I really loved cooking for them. And my supervisor queen gave me lots of latitude creatively. There are few things I hold closer to my heart than seeing those patients’ rarely expressed happiness flash over a meal they knew they were not only going to eat by necessity but also enjoy. It was a bleak time in a shoddy place that was a fleck of dust on a map dot in nowheresville. Alcoholism, abuse, and precarity plagued my home life, but I could do that, and it was important.
On the bright side, the small community was generally supportive of the institution. Some of the residents were criminally convicted. There was one man in his 30s who had killed a friend of his at 12 or 13, and he had been committed since. He and others were allowed a walking period around town in the afternoon and evening for hours based on the honor system. They always returned, where else could they go? They had a good meal and a warm bed waiting for them. No one in the general public approached them menacingly or in an inappropriate manner that I was ever aware of, nor did they reoffend while among the public.
It pains me to think what this large scale privatization accomplished by blocking these avenues that worked for people who made grievous mistakes at one time but can remain part of society with specialized care, and then funneling more money than god has into state prisons and related contractors. This barely registers as a question now in what we call public squares which is testament to how effective the initiative was.
The summer before my junior year, the company that had recently bought the facility called upon my supervisor and an employee of her choice (me) to an old folks nursing home hours away they had also recently acquired as all the staff had collectively walked out. To scab, basically, but! they wanted these facilities to turn a profit and like Ramsay’s public representation of Blackstone spells out, there are standards. And, also, we were dedicated workers in our field who cared about people stuck into these black holes.
This one was in such bad repair it was shocking. Everything on the outside was overgrown to the point you couldn’t be sure if you weren’t entering a forgotten mausoleum. Thankfully, the residents were indeed alive, but medicine and housekeeping carts stood as if they were suddenly abandoned. The hallway walls were grimy and frankly it was spooky.

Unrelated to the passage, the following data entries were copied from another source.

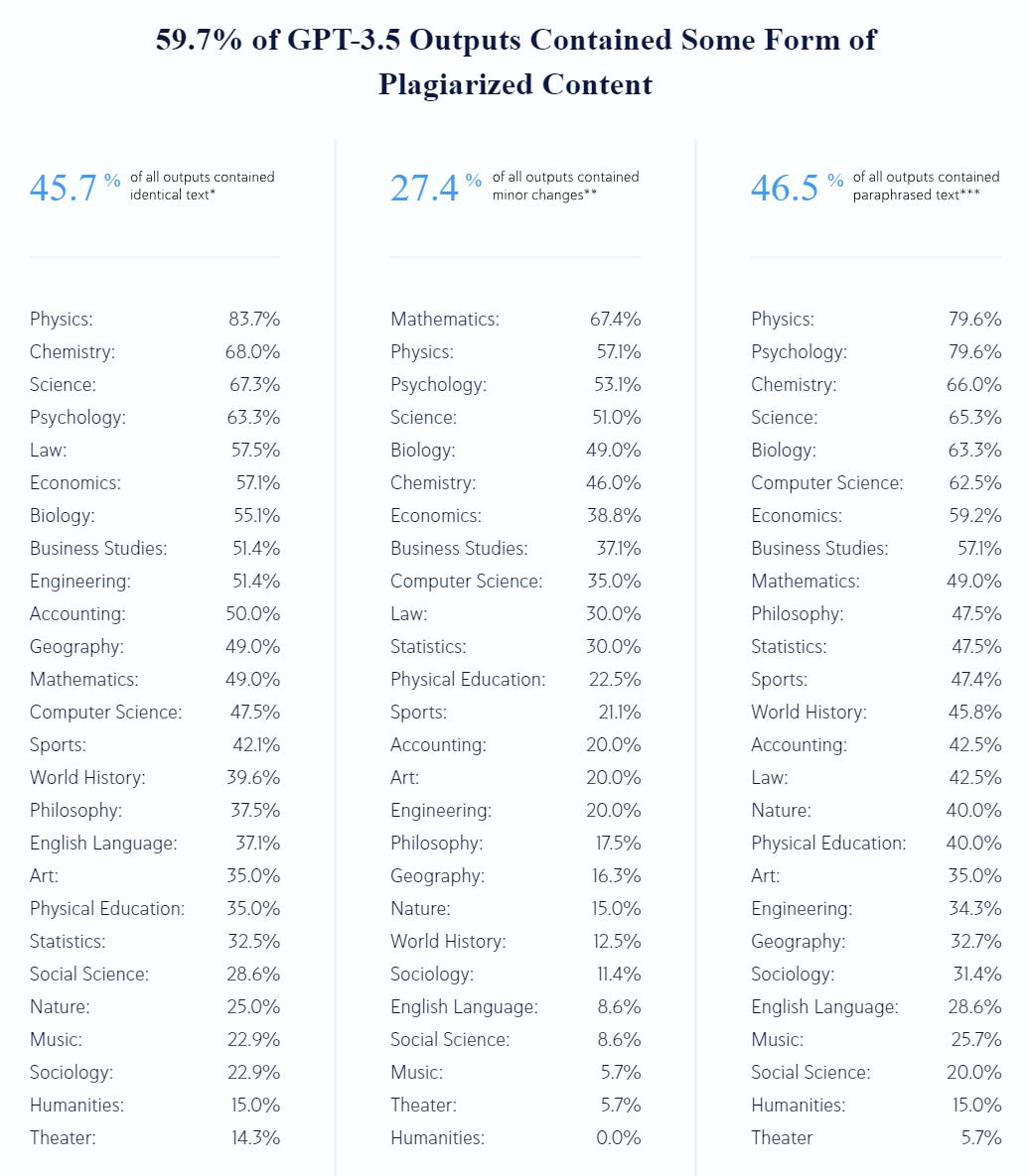 Copyleaks claims that nearly 60% of GPT-3.5 outputs contained some form of plagiarized content.
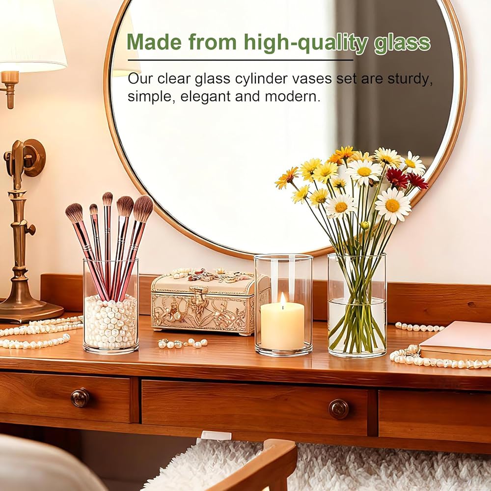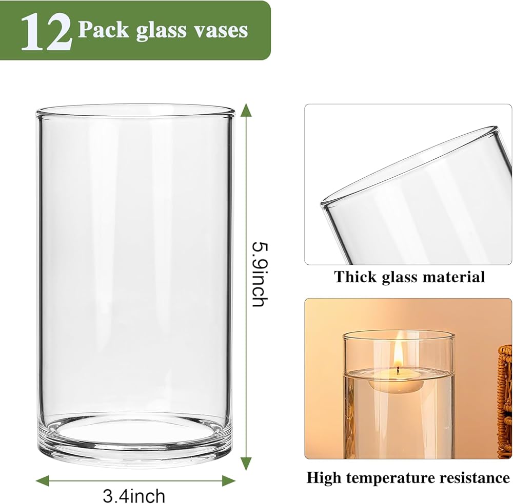 زجاج متين وقوي - هذه المزهريات الأسطوانية للقطع المركزية مصنوعة من زجاج سميك وقاعدة مرجحة لتحقيق الثبات، هذه المزهريات طويلة الأمد وآمنة للاستخدام اليومي. ومستقرة على الطاولة. يبلغ قطر كل مزهرية زجاجية 3.4 سم × ارتفاع 5.9 سم. مما يوفر مساحة واسعة لترتيبات الأزهار المتنوعة.
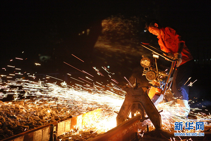| 京九铁路九江长江大桥铁路桥全面换轨完成。2010年8月12日晚,南昌铁路局鹰潭工务机械段的工人在九江长江大桥铁路桥南引桥下行线焊接打磨钢轨。当日,九江长江大桥铁路桥更换钢轨工作顺利完成。位于长江中下游的九江长江大桥于上世纪90年代建成通车,为双层双线铁路、公路两用桥。自今年5月开始,九江长江大桥铁路桥自通车后首次进行全面更换钢轨,大桥上、下行线路共计16公里的钢轨全部进行更换,线路质量和稳定性将全面得到提升。 |
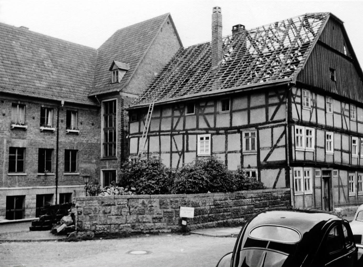 Um 1960 während des Abrisses des alten Fachwerkhauses. Der hintere Querflügel des neuen Verlagsgebäudes ist bereits errichtet.
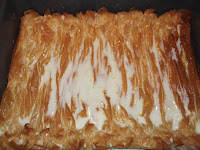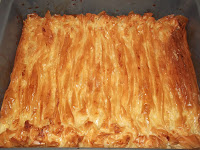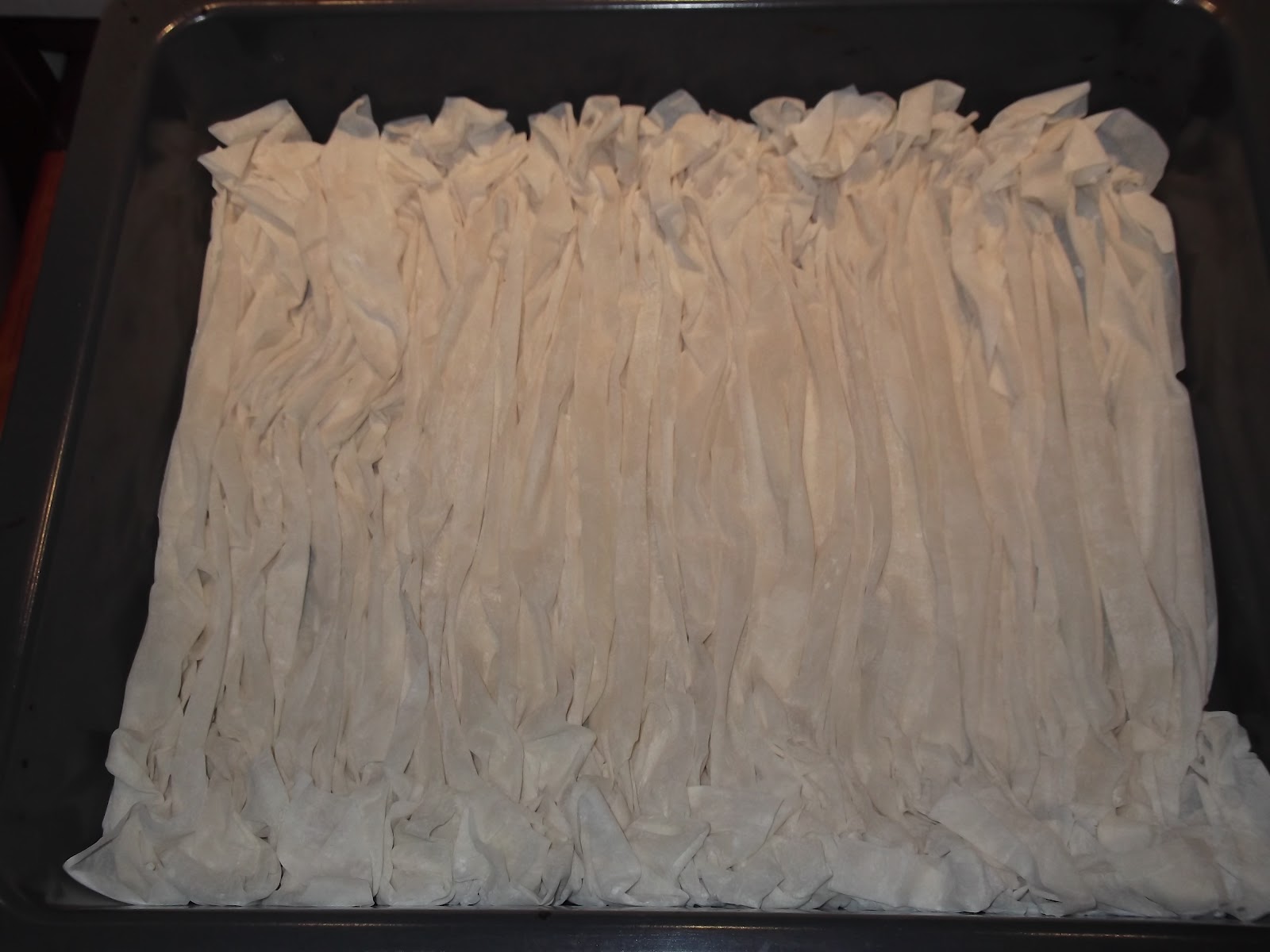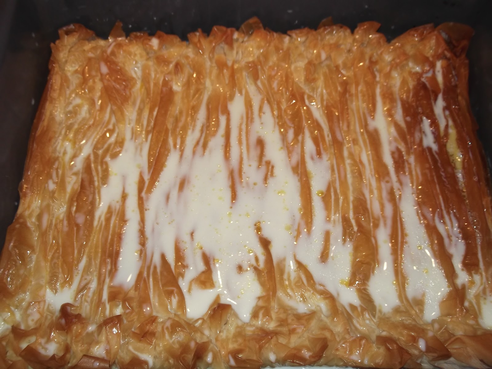 - Παίρνουμε ένα ένα τα φύλλα κρούστας και τα σουρώνουμε σαν ακορντεόν σε ενα πυρεξ
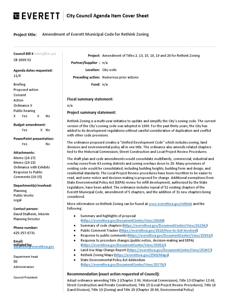 version of the City’s zoning code was adopted in 1989. For the past thirty years, the City has added to its development regulations without careful consideration of duplication and conflict with other code provisions. The ordinance proposed creates a “Unified Development Code” which includes zoning, land divisions and environmental policy all in one title. The ordinance also amends related chapters tied to the Historical Commission, Street Construction and Local Project Review Procedures. The draft plan and code amendments would consolidate multifamily, commercial, industrial and overlay zones from 43 zoning districts and zoning overlays down to 20. Many provisions of existing code would be consolidated, including building heights, building form and design, and residential standards. The Local Project Review procedures have been rewritten to be easier to read, and some notice and decision-making is proposed for change. Additional exemptions from State Environmental Policy Act (SEPA) review for infill development, authorized by the State Legislature, have been added. The ordinance includes repeal of 51 existing chapters of the Everett Municipal Code, amendment of 5 chapters, and the addition of 31 new chapters being considered. More information on Rethink Zoning can be found at www.everettwa.gov/rethink and the
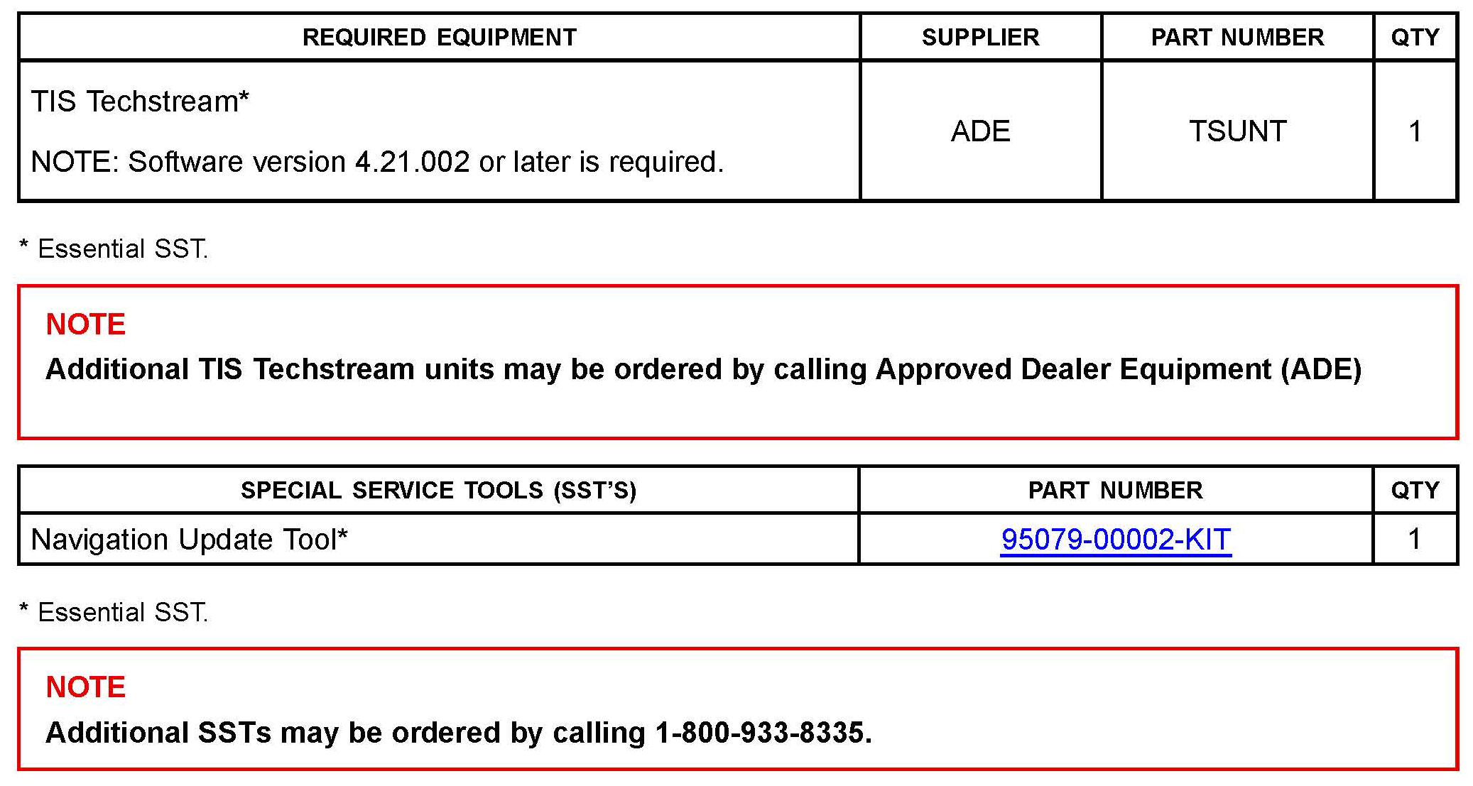 ^ For additional details, refer to the "Navigation Update Operating Manual" on TIS (under Diagnostics / Tools & Equipment / Navigation Update Tool tabs, "Reference Documents").
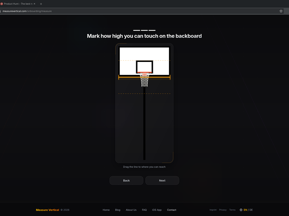 Measure Vertical helps you measure your vertical jump at home in under 60 seconds using only your smartphone. It uses your body measurements to calculate jump height and shows how many inches you are from dunking. You can track your progress and use training guidance to build strength, power, and explosiveness. Whether you play basketball or volleyball, you can quickly establish a baseline, adjust your workouts, and see how close you are to your goal.
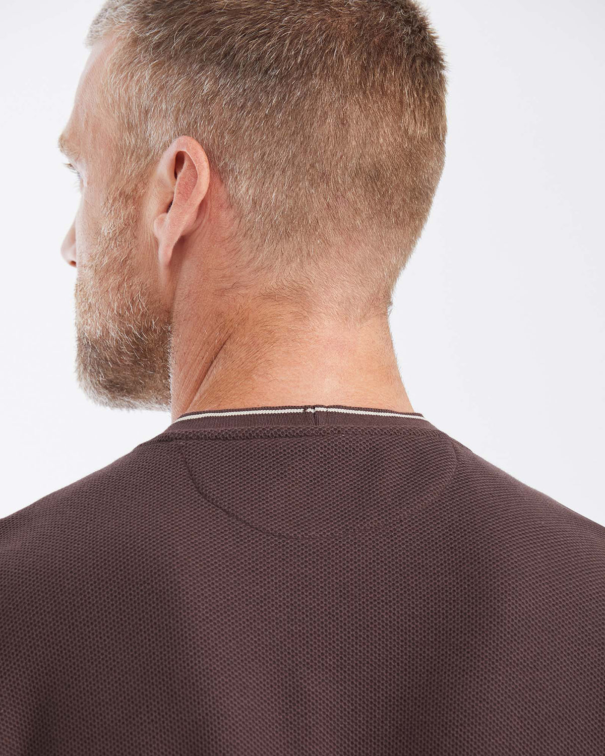 Slim fit.Brown.Textured fabric.Knitted collar with contrast trim.Tonal chest embroidery.Woven label.Short sleeves.Made in Colombia.
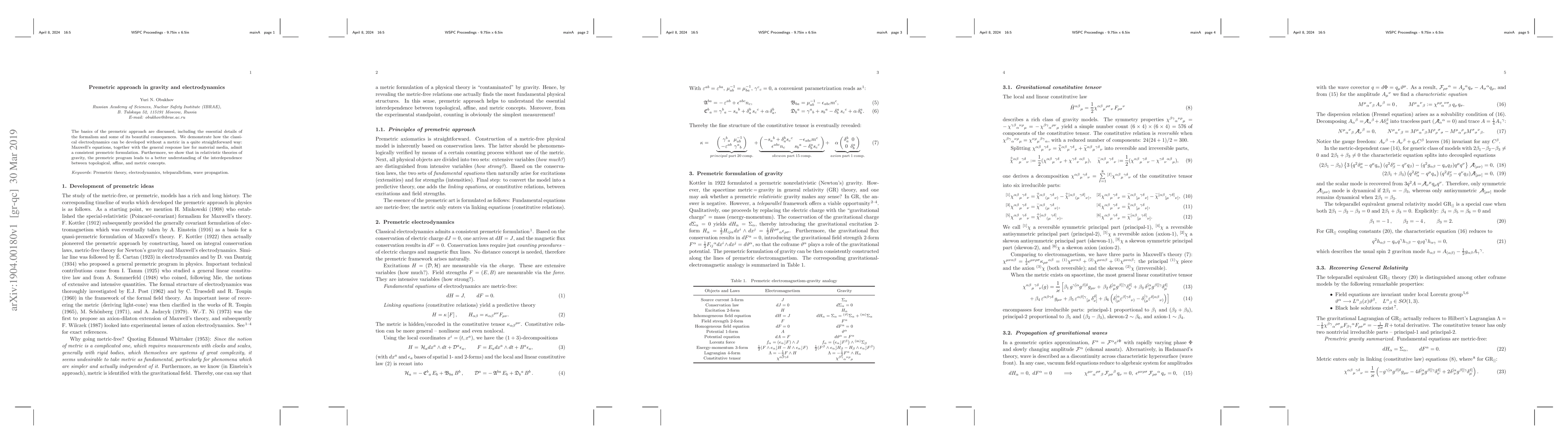 This paper explores the premetric approach in gravity and electrodynamics, demonstrating a consistent formulation of classical electrodynamics without relying on a metric. It also highlights the premetric program's role in enhancing the understanding of the relationships between topological, affine, and metric concepts in relativistic gravity theories.

The kitchen was a wreck, and it needed a thorough cleaning before we could properly cover some shifts, two doubles over a weekend. However, lunch had to come first. Through all the mess and disorganization, we pushed out tuna melts we were surprised we were even able to pull off. It was also the first (and only) time my boss had made me cry, but to be fair this was a situation that neither of us had been pushed into before, and she knew I was still just 16. The state of this place would have thrown anyone off. We did the thing though, conquered in that little bubble, and then cruised around in her Mustang with the top down smoking cigarettes.